Как только инструменты заняли свои места, грянула музыка, музыка будущего, как мы поняли, — атональная, без малейшего намека на гармонию и ритм. Правила не существовали более. Любое сочетание звуков считалось музыкой. Духовые, смычковые и ударные инструменты дерзко, без спросу, врывались в наш слух, беспощадно терзали и сокрушали его своею массой — и это я должен считать революцией в истории музыки?! Даже у одного инструмента клавиши, струны и трубки уже не обращали друг на друга никакого внимания. Как сказал профессор Хюхо де Фрийс, мы столкнулись с явлением мутации в жизни музыки, причем мутации не постепенной, а скачкообразной. Темп, гармония, благозвучие внезапно оказались днем вчерашним, крещендо и диминуэндо — допотопными уступками всяким там сантиментам, оркестру приходилось выкручиваться, как колбаса, выползающая из формы.
Нам не дано было осилить этот скачок так вот, сразу, поэтому на первых порах мы заткнули уши.
На середину вынесли какой-то предмет, вернее сказать, он сам вышел. Огромный чехол закрывал его со всех сторон, и мы не могли рассмотреть, что это такое.
С западной стороны распахнулись ворота, через которые прежде на полной скорости въезжали мотоциклисты, и оттуда появились два подъемных крана с набережной Явакаде, первый — с высоко поднятым грейфером, второй — с поднятым наполовину. У первого в зубах виднелся какой-то предмет, тоже обернутый тканью, отчего кран напоминал женщину, брезгливо несущую на вытянутой Руке к окну тряпку с пойманным тараканом. Солидный груз второго был скрыт под порфирой, отороченной горностаем, и едва заметное раскачивание выдавало его высокое происхождение.
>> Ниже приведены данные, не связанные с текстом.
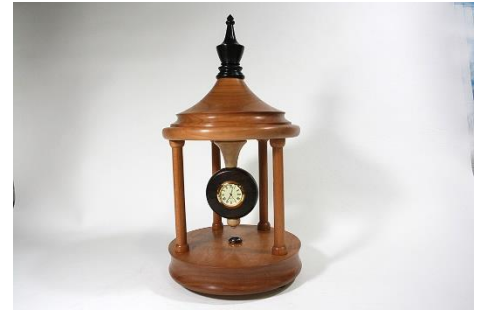
Nim Batchelor Cherry/Ebony Band Stand Clock

Оркестр заиграл еще громче, а оба крана, подъехав к Центру поля, остановились, и ноша каждого зависла в воздухе над зачехленным предметом. Горностаевая мантия тем временем перестала раскачиваться, затихла.
Неподвижность трех таинственных предметов внезапно передалась оркестру, один за другим инструменты замирали в оцепенении, над стадионом воцарилась тишина, величавая и торжественная.
Гостевые трибуны затаили дыхание, даже дети не подавали голоса.
Вдруг по оркестровой меди пробежала легкая дрожь — и чехол, скрывавший самый верхний предмет, плавно заскользил вниз. Теперь все мы увидели: на фоне голубого неба в лучах солнца сверкала корона Нидерландов.
Во второй раз всколыхнулась медь. Королевская мантия упала, и нашим взорам явилась грозная громадина — наковальня, не щегольски надраенная, но черная от копоти, прямо из кузницы, живой памятник долготерпения вещей и их силы, бык среди вещей.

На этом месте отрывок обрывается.